Thanks for the bug report. I've fixed the leak in our development branch and it should make its way to both the 1.6 and 1.7 release series.

Brian

On 1/21/13 6:53 AM, "Victor Vysotskiy" <victor.vysotskiy_at_[hidden]<mailto:victor.vysotskiy_at_[hidden]>> wrote:

Since my question unanswered for 4 days, I repeat the original post.

Dear Developers,

I am running into memory problems when creating/allocating MPI's window and its memory frequently. Below is listed a sample code reproducing the problem:

#include <stdio.h>
#include <mpi.h>
#define NEL 8
#define NTIMES 1000000

int main (int argc,char *argv[]) {
  int i;
  double w[NEL];
  MPI_Aint win_size,warr_size;
  MPI_Win *win;

  win_size=sizeof(MPI_Win);
  warr_size=sizeof(MPI_DOUBLE)*NEL;

  MPI_Init (&argc, &argv);

  for(i=0;i<NTIMES;i++) {
      MPI_Alloc_mem(win_size,MPI_INFO_NULL,&win);

      MPI_Win_create(w,warr_size,sizeof(double),MPI_INFO_NULL,MPI_COMM_WORLD,win);
      MPI_Win_free(win);

      MPI_Free_mem(win);
  }

  MPI_Finalize();

  return 0;

}

During of the execution of this program it is eating more and more memory, regardless of Linux distribution and gcc version used.
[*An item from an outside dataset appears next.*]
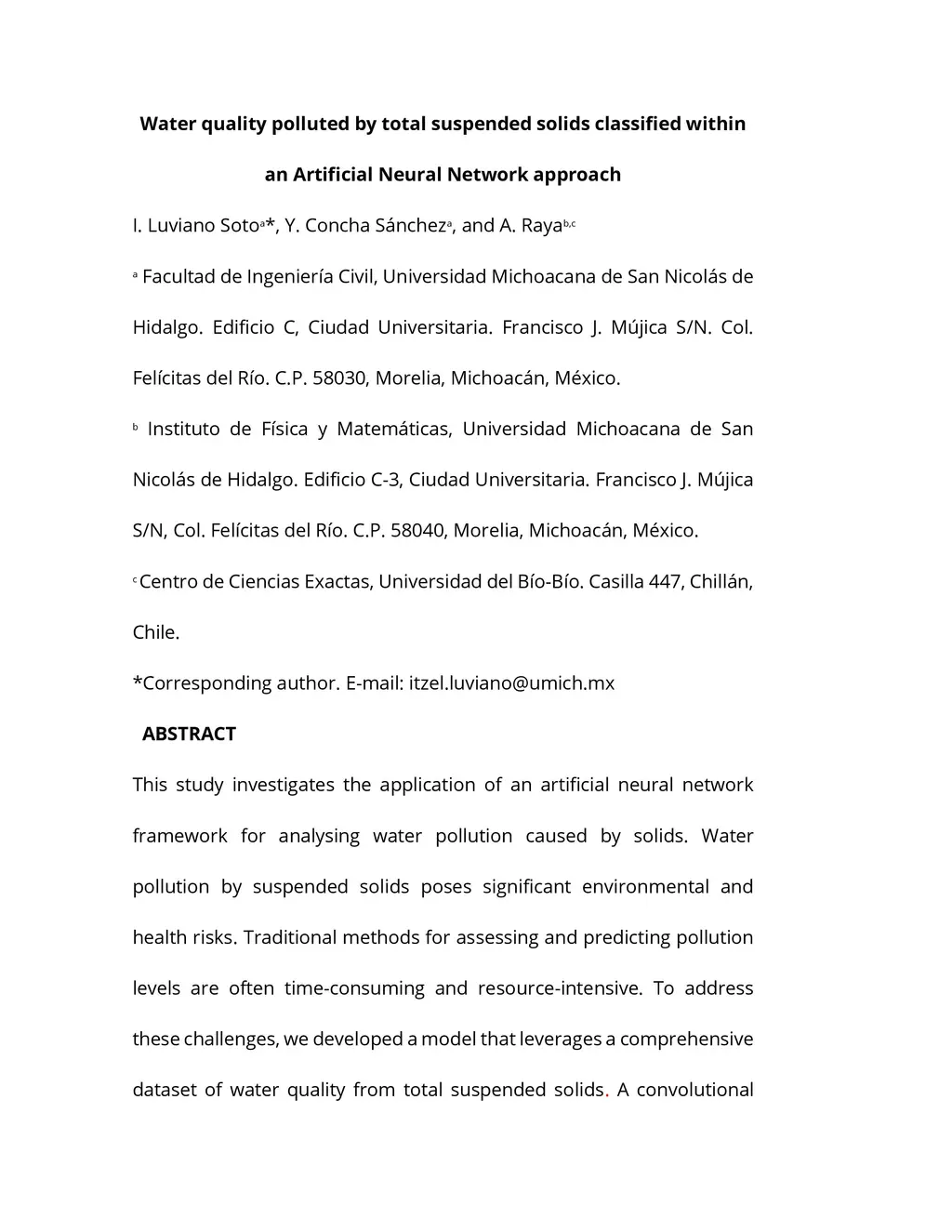 This study investigates the application of an artificial neural network framework for analysing water pollution caused by solids. Water pollution by suspended solids poses significant environmental and health risks. Traditional methods for assessing and predicting pollution levels are often time-consuming and resource-intensive. To address these challenges, we developed a model that leverages a comprehensive dataset of water quality from total suspended solids. A convolutional neural network was trained under a transfer learning approach using data corresponding to different total suspended solids concentrations, with the goal of accurately predicting low, medium and high pollution levels based on various input variables. Our model demonstrated high predictive accuracy, outperforming conventional statistical methods in terms of both speed and reliability. The results suggest that the artificial neural network framework can serve as an effective tool for real-time monitoring and management of water pollution, facilitating proactive decision-making and policy formulation. This approach not only enhances our understanding of pollution dynamics but also underscores the potential of machine learning techniques in environmental science.

Indeed, I have already reproduced the problem on 32-bit Ubuntu 12.04.1 && gcc-4.6.3, and 64-bit Cent OS 5.8 && gcc 4.6.2. For instance, below is listed the corresponding Valgrind's (massif) results on the runtime memory usage:

Command: ./mleak.win
ms_print arguments: massif.out.15028
  n time(ms) total(B) useful-heap(B) )
  1 10,960 4,290,024 3,986,911
  2 26,979 5,248,248 4,562,911
  3 42,586 6,174,440 5,118,311
  4 54,892 6,904,736 5,556,391
  5 69,562 7,771,088 6,074,535
  6 79,334 8,351,144 6,422,575
  7 90,920 9,038,208 6,834,799
  8 103,449 9,787,760 7,286,215
  9 115,984 10,534,056 7,734,511
 10 130,692 11,407,016 8,258,287
 11 146,637 12,352,376 8,825,503
 12 155,095 12,854,016 9,126,487
 13 163,884 13,376,016 9,439,687
 14 173,036 13,919,256 9,765,631
 15 182,559 14,484,488 10,104,751
 16 192,465 15,072,688 10,457,671
 17 202,770 15,684,768 10,824,919
 18 213,499 16,321,768 11,207,119
 19 224,658 16,984,608 11,604,823
 20 236,275 17,674,320 12,018,631
 21 248,366 18,392,040 12,449,263
 22 260,954 19,138,960 12,897,415
 23 274,111 19,916,152 13,363,711
 24 287,781 20,724,912 13,848,967
 25 302,012 21,566,552 14,353,951
 26 316,817 22,442,344 14,879,407
 27 332,189 23,353,664 15,426,199
 28 348,179 24,301,984 15,995,191
 29 364,829 25,288,816 16,587,271
 30 373,404 25,797,176 16,892,287
 31 382,159 26,315,736 17,203,423
 32 391,086 26,844,696 17,520,799
 33 400,196 27,384,336 17,844,583
 34 409,491 27,934,808 18,174,847
 35 418,958 28,496,328 18,511,759
 36 428,621 29,069,168 18,855,463
 37 438,478 29,653,488 19,206,055
 38 448,539 30,249,560 19,563,679
 39 458,806 30,857,640 19,928,527
 40 469,271 31,477,920 20,300,695
 41 479,955 32,110,680 20,680,351
 42 490,849 32,756,120 21,067,615
 43 501,960 33,414,552 21,462,655
 44 513,294 34,086,232 21,865,663
 45 524,859 34,771,392 22,276,759
 46 536,729 35,470,304 22,696,087
 47 548,772 36,183,304 23,123,887
 48 561,047 36,910,624 23,560,279
 49 573,561 37,652,544 24,005,431
 50 579,928 38,029,080 24,231,343
 51 586,337 38,409,376 24,459,511
 52 592,820 38,793,496 24,689,983
 53 599,367 39,181,456 24,922,759
 54 605,983 39,573,296 25,157,863
 55 612,664 39,969,056 25,395,319
 56 619,412 40,368,776 25,635,151
 57 626,225 40,772,488 25,877,359
 58 633,113 41,180,248 26,122,015
 59 640,071 41,592,088 26,369,119
 60 647,095 42,008,048 26,618,695
 61 654,192 42,428,168 26,870,767
 62 661,358 42,852,488 27,125,359
 63 668,594 43,281,040 27,382,471
 64 675,905 43,713,880 27,642,175

On the other hand, the MPICH2 and MVAPICH2 binaries are always used a constant amount of memory during the execution of this test.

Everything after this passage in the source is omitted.